ALF diselenggarakan oleh Yayasan Muara, sebuah lembaga nirlaba di bidang pendidikan dan kebudayaan untuk keadilan dan kemanusiaan, yang didukung oleh Kementerian Luar Negeri dan Hivos. Digelar pertama kali pada 2014, ALF lahir dari kesadaran tentang banyaknya kesamaan di antara negara-negara yang tergabung dalam Association of Southeast Asian Nations (ASEAN), termasuk dalam sastra dan budaya. Sayang, masing-masing tidak saling mengenal karya budaya satu sama lain. "ALF ingin menjadi wadah yang mempertemukan sastrawan dan karya-karya sastra dan budaya di Asia Tenggara," kata Direktur Festival Abdul Khalik.
ALF resmi dibuka pada Ahad pekan lalu lewat acara pembacaan puisi di Taman Menteng, Jakarta Pusat. Sejumlah penulis, penyair, aktris, dan akademikus di bidang sastra ikut dalam kegiatan itu, di antaranya Dinda Kanya Dewi, Okky Madasari, dan Tommy F. Awuy. Dari luar negeri, hadir penulis sekaligus jurnalis dari Singapura, Josephine Chia, dan Idriss Bouskine dari Aljazair.

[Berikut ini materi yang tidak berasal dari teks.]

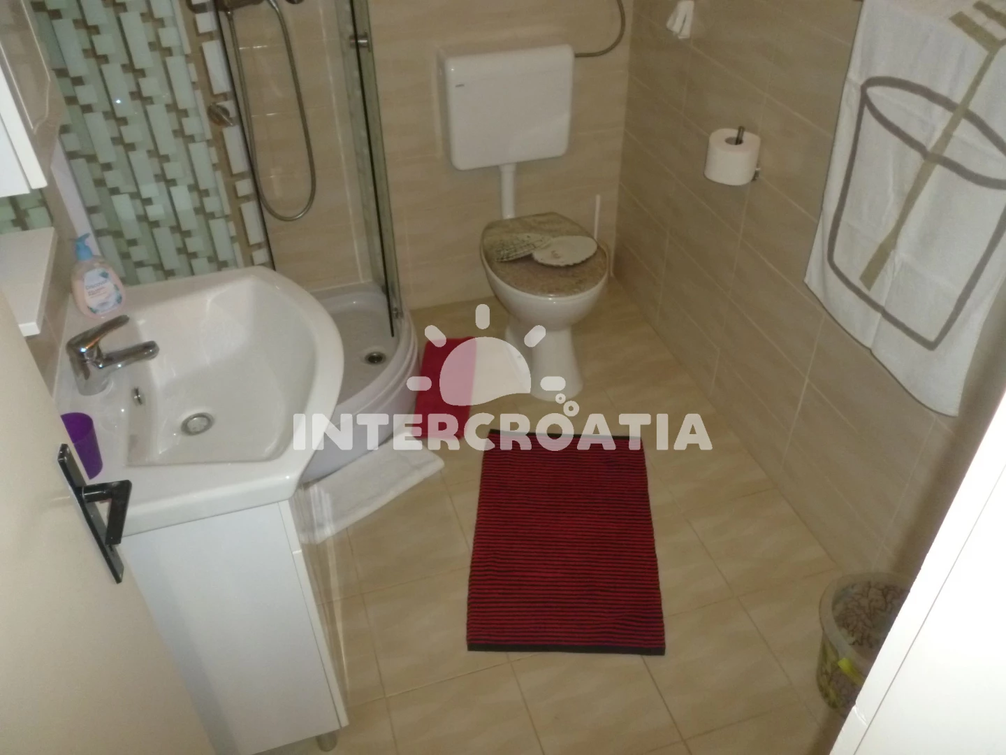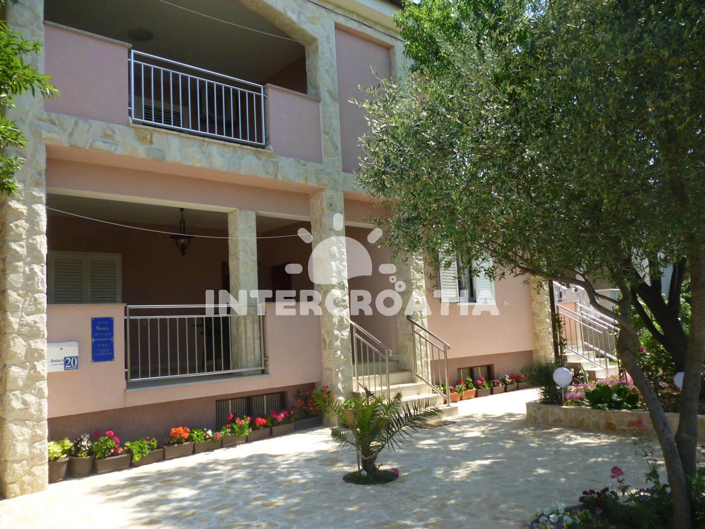 Vzdálenosti: Moře 50 m, pláž 50 m (oblázková a betonové desky), restaurace 100 m, bar 100 m, veřejná doprava 200 m, supermarket 300 m, ambulance 300 m, centrum 300 m, marina 500 m, park Plitvice 1,5 km, tenisové kurty 2 km, lékárna 3 km, čerpací stanice 3,5 km, půjčovna kol 3,5 km, banka 3,5 km, směnárna 3,5 km, pošta 4,5 km, diskotéka 17 km, letiště (Zadar) 30 km, muzeum 40 km, potápění 40 km, trajekt (Zadar) 40 km,
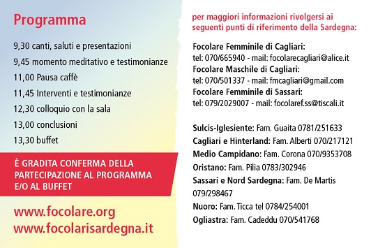 Il 15 giugno prossimo presso il Salone della Parrocchia del Sacro Cuore in Cabras, il Movimento dei Focolari ha organizzato un importante incontro rivolto a sacerdoti, religiosi e seminaristi.
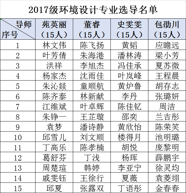 2017级环境设计专业选导名单已经确定,请见以下表格。
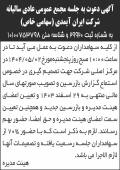 خاص به شماره ثبت و شناسه ملی از کلیه سهامداران دعوت به عمل
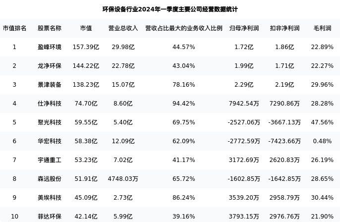 聚光科技最新报告期数据为一季度,下表汇总了环保设备行业内市值靠前的公司一季度主要经营数据
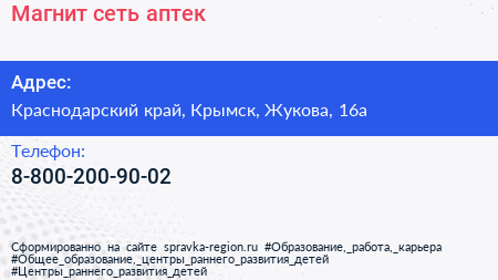 Магнит, сеть аптек по адресу Краснодарский край, Крымск, Жукова, 16а в дальнейшем Организация, размещена в следующих категориях:
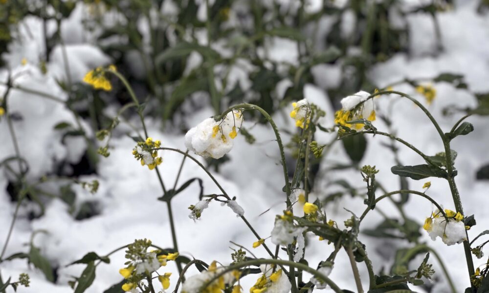 Trakya’nın ‘sarı altın çiçeği’ kanola tarlaları, nisan karıyla beyaza büründü
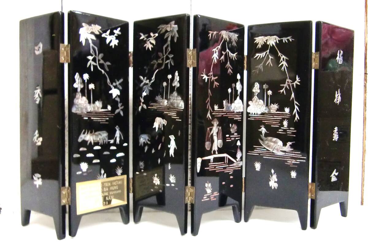 > アンティーク*両面屏風 ミニパーティーション 仕切り インテリア 置物 *螺鈿細工 貝細工 *金魚 人物 田植え風景 *韓国美術
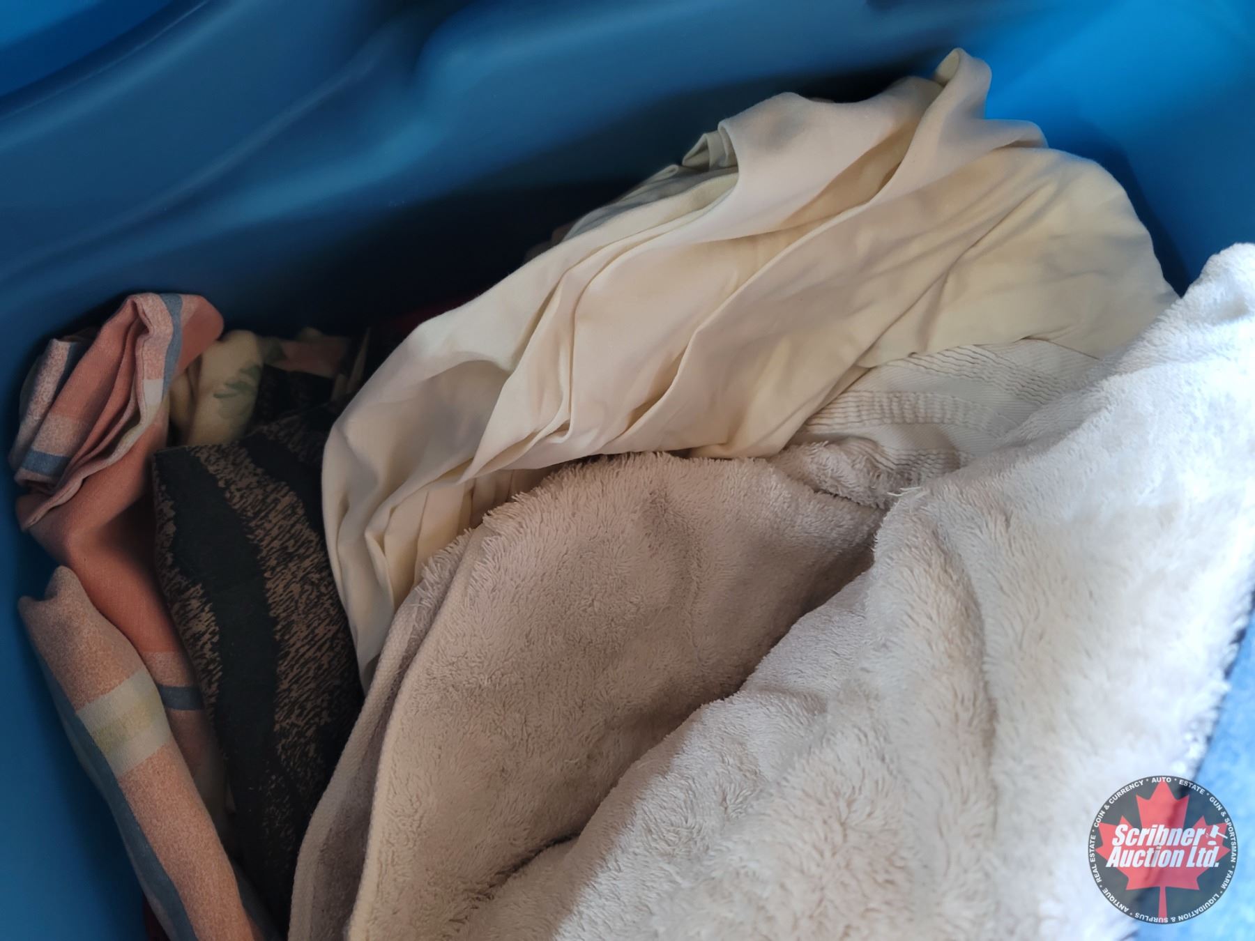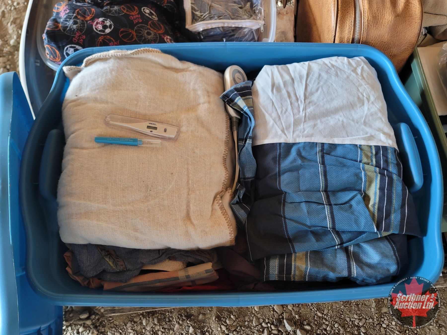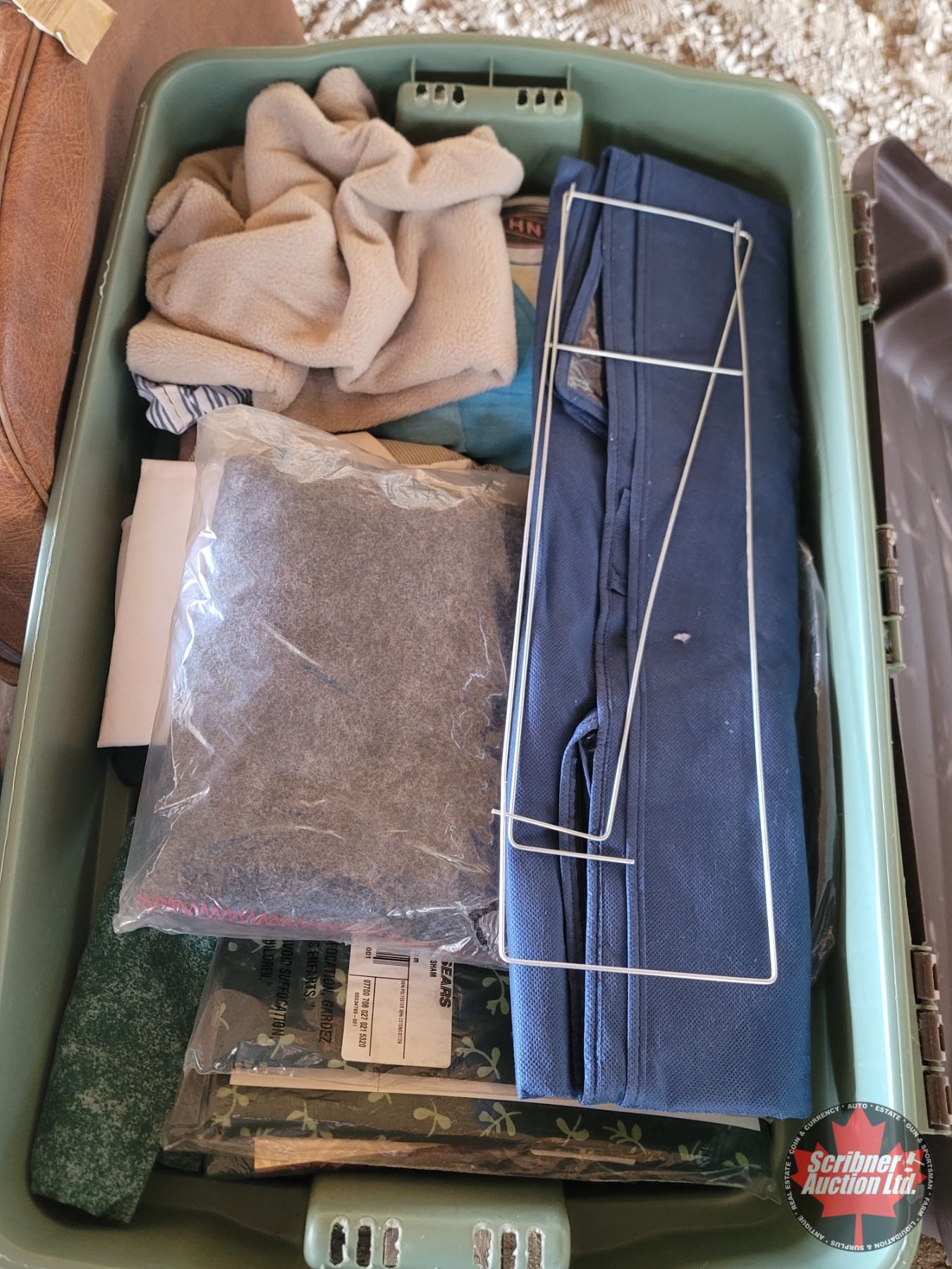 Pallet Lot: (3) Totes Blankets + Suitcase
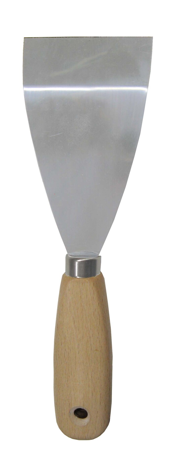 Der Schaberspachtel von CONNEX mit abgewinkelter Klinge, poliert, mit Holzheft, Breite: 70mm.
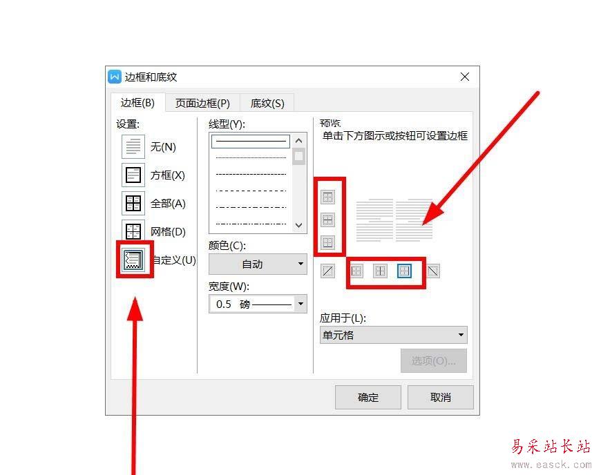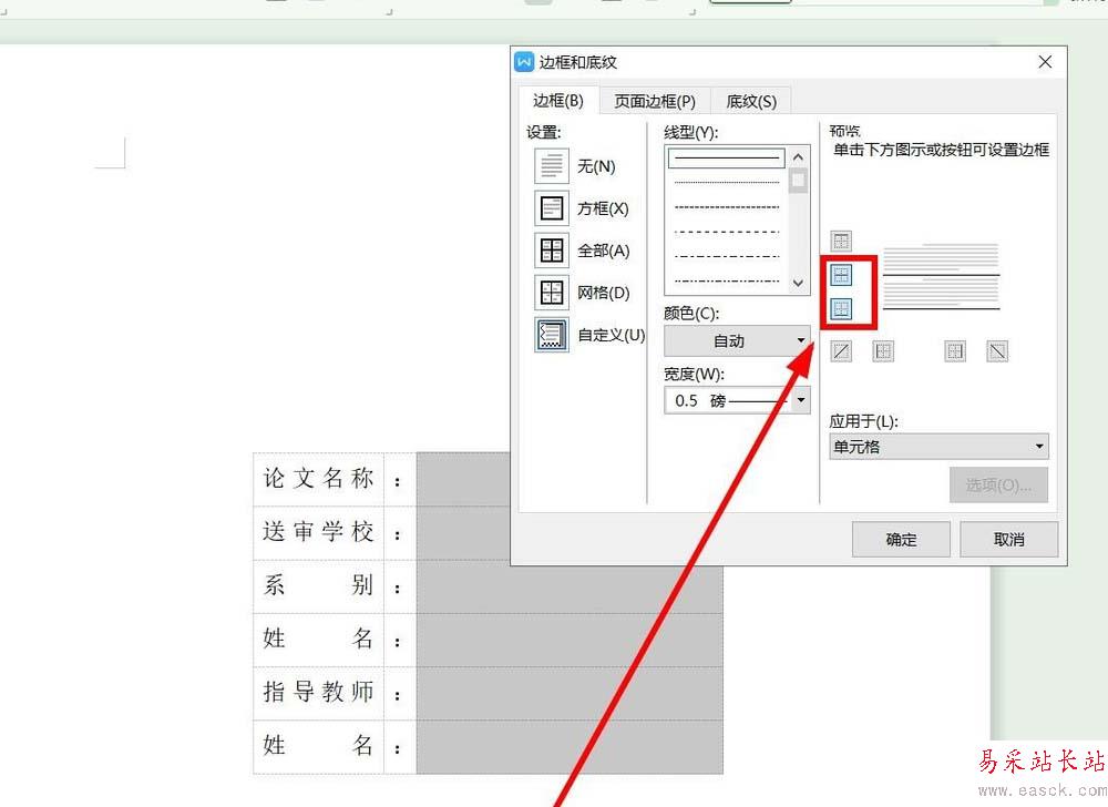 9、在“邊框和底紋”對話框,依然使用“自定義”這項功能,單擊“添加中橫線”和“添加下框線”,完成后單擊“確定”
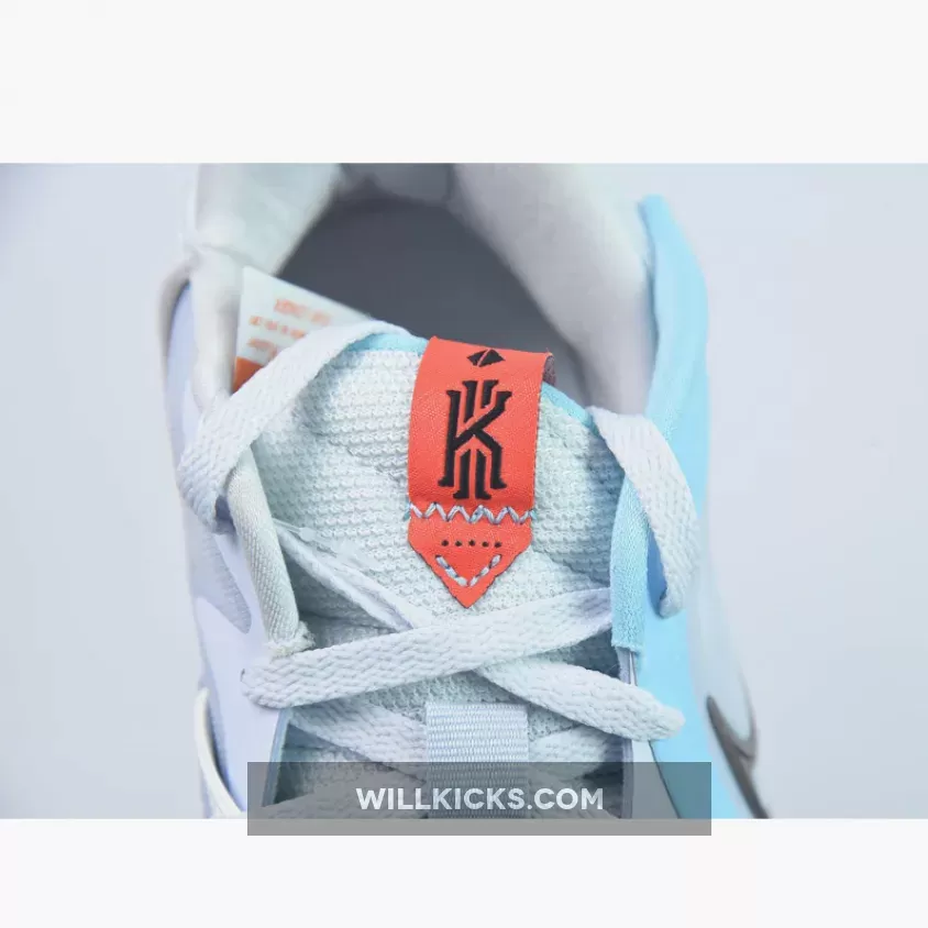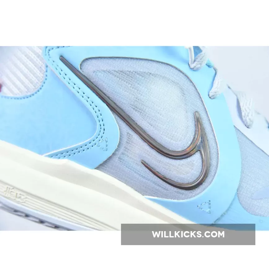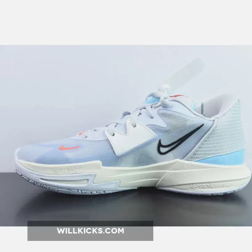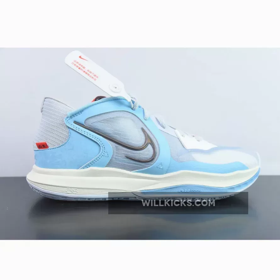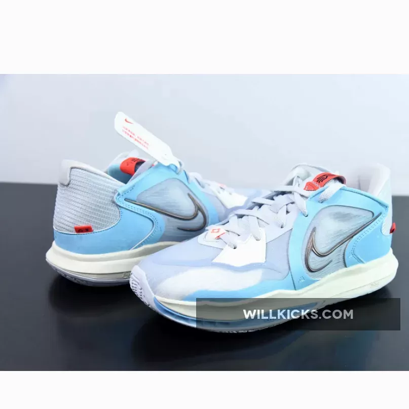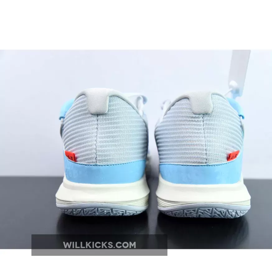 Look stylish in and out of the game with the Nike Kyrie 5 Low Nets Grey Blue. This pair boasts a fashionable colourway patterned after the Brooklyn Nets City Edition jerseys. The lightweight textile upper is dressed in tonal grey and complemented with sky blue accents. A creative multicoloured metallic take on the Swoosh and hints of white leather complete the eye-catching design.
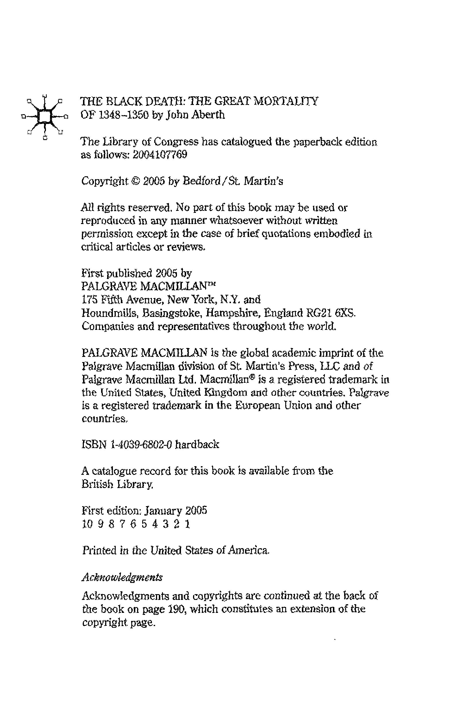 "The Black Death: The Great Mortality of 1348-1350: A Brief History with Documents (Bedford Series in History & Culture) " - читать интересную книгу автора (John Aberth) |
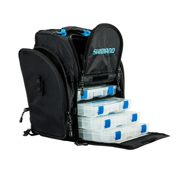 The Shimano Blackmoon Backpack (Front Load) anglers to access four 3600-size tackle trays from the front drop-down flap for easy access to tackle. Secured for transport with side zippers, this drop-down compartment can be secured with just the velcro fastener for quick access to the tackle trays. The additional storage above the trays is a perfect spot for reels, tools or personal belongings, while the side pockets are ideal for quick access to leader material and pliers.Â
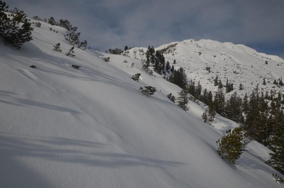 Beim aktuellen, letzten Schneefall dürfte kaum Schnee verfrachtet worden sein. Einzig die Ostflanke des Gressensteins machte zumindest aus der Entfernung für mich einen ziemlich eingeblasenen Eindruck was aber aus der Näher genauer betrachtet werden müßte um hier aussagekräftig zu sein. Lawinenzeichen konnte ich sonst keine erkennen.
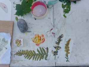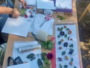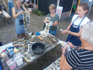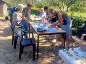 Op de zonnige dag van 21 september verzamelden we ons op Buningshof van de natuurvereniging voor de workshop eco-printen. Na een korte uitleg over verschillende technieken mochten we zelf experimenteren. Verschillende bloemen en bladeren werden op de meest creatieve manieren op geprepareerde lappen stof gelegd, waarna de lappen strak werden opgerold en gestoomd in grote pannen. Ook was er ruimte verschillende prints uit te proberen met bijvoorbeeld ijzerwater, wat de print over het algemeen donkerder maakt, of aquarelpapier, wat als tussenlaag minder laat doordrukken. Na een kop thee in het herfstzonnetje, leefden we ons uit in een andere eco-print techniek plant-hammering waarbij we de bloemen en planten op de stoffen of aquarelpapier hamerden met stenen. Een bijzonder proces waarin ik me verbaasde over de intensiheid van de kleuren om ons heen.
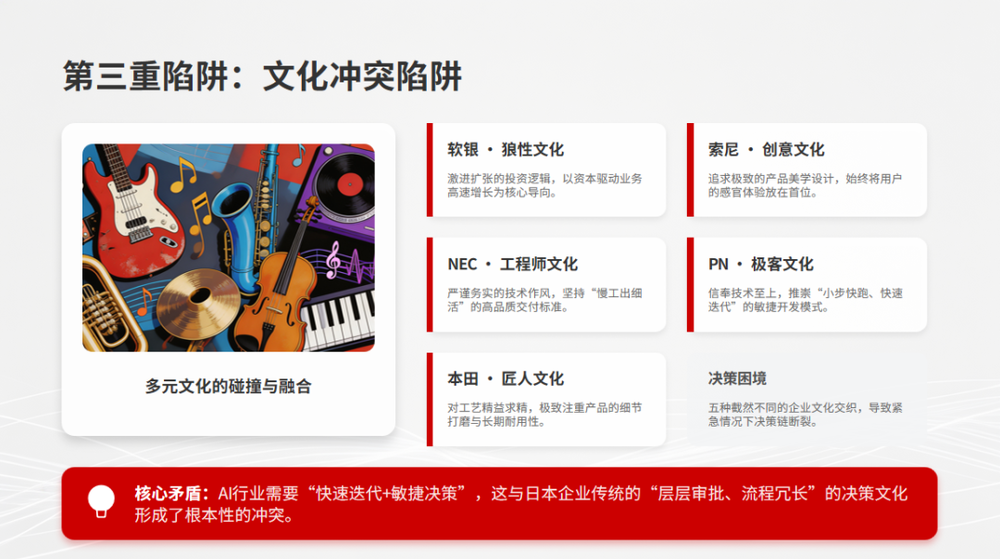 软银是狼性文化,NEC是工程师文化,本田是匠人文化,索尼是创意文化,PN是极客文化。五种文化交织,紧急情况下谁来决策?

Mengusung tema "Questions of Conscience", ALF dipadati oleh beraneka kegiatan, dari tur sastra ke perpustakaan Jakarta Barat dan Jakarta Selatan, Universitas Indonesia, dan Universitas Islam Negeri Jakarta, hingga diskusi dan workshop bersama sederet pembicara dari dalam dan luar negeri yang berlangsung di Taman Ismail Marzuki, Jakarta.
Abdul Khalik menjelaskan, tema yang diusung dianggap mampu merespons dinamika dan perkembangan zaman. Terutama yang berkaitan dengan laju konsumerisme dan perkembangan teknologi informasi. "Bagaimana sastrawan dan karya sastra ASEAN dan Asia pada umumnya menghadapi perubahan yang ada? Masihkah karya sastra menjadi suara hati nurani dalam memperjuangkan keadilan dan kemanusiaan?" katanya.
Tahun ini, ALF menghadirkan sederet penulis, seniman, akademikus, penerbit, dan film yang berasal dari 20 negara. Tak hanya dari Asia Tenggara, tapi juga dari Cina, Korea Selatan, Australia, Aljazair, Jepang, Jerman, Norwegia, Amerika Serikat, dan India. Bukan hanya melibatkan lebih banyak negara-tahun lalu 14 negara-penyelenggaraan ALF tahun ini juga lebih panjang sehingga kegiatannya pun lebih beragam.
Selain rangkaian diskusi, workshop, dan pentas seni, akan diselenggarakan ASEAN Film Screening yang akan menayangkan film-film terpilih dari masing-masing negara dan literary trip yang akan membawa peserta dan publik ke tempat-tempat penting dan bersejarah dalam perkembangan sastra Indonesia.